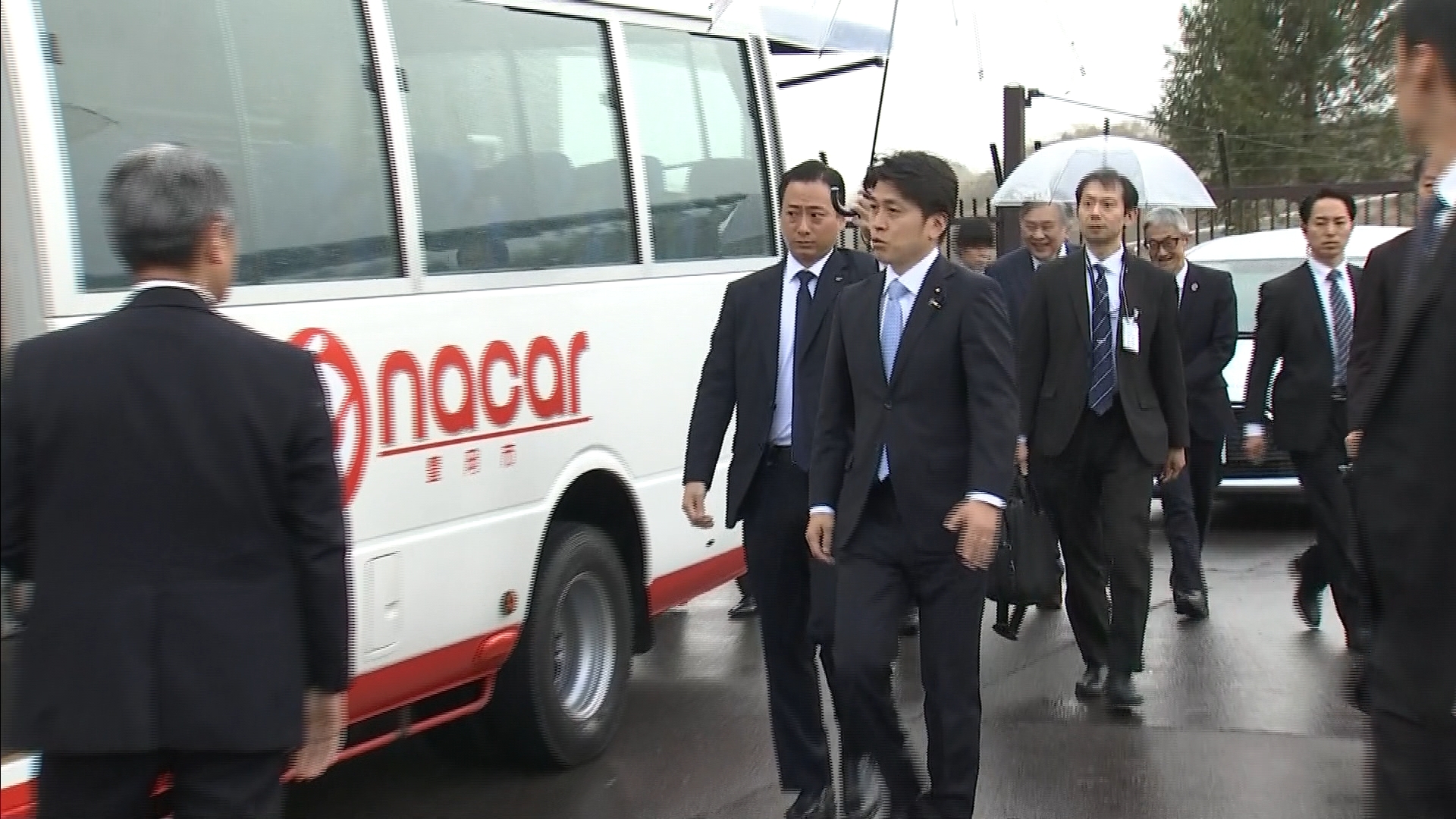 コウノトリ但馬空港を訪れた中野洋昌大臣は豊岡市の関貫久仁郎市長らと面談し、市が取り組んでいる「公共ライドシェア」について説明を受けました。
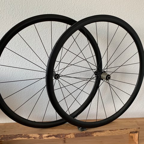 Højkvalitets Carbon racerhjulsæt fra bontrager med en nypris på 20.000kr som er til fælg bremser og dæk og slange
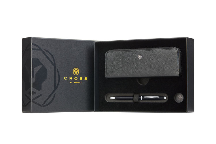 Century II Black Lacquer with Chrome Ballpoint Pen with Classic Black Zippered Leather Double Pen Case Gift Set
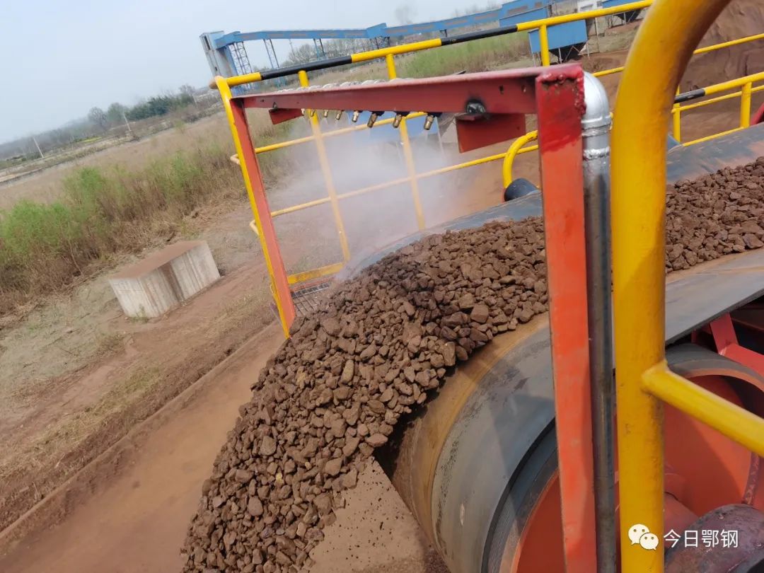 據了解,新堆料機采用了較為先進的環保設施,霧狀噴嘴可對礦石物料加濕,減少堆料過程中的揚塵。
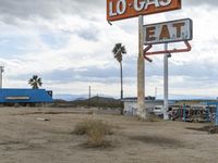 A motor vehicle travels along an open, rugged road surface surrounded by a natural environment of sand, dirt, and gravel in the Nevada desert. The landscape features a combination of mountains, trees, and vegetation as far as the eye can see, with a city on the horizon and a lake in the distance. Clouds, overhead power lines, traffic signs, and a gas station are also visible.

• • • • •

■ ACTION ITEM: For the material above, give again only the lines starting at the line that contains "Højkvalitets Carbon racerhjulsæt" and ending at the line that contains "據了解,新堆料機采用了較為先". Pictures do not belong in the copy.

■ EXERCISE SOLUTION:
 Højkvalitets Carbon racerhjulsæt fra bontrager med en nypris på 20.000kr som er til fælg bremser og dæk og slange
 Century II Black Lacquer with Chrome Ballpoint Pen with Classic Black Zippered Leather Double Pen Case Gift Set
 據了解,新堆料機采用了較為先進的環保設施,霧狀噴嘴可對礦石物料加濕,減少堆料過程中的揚塵。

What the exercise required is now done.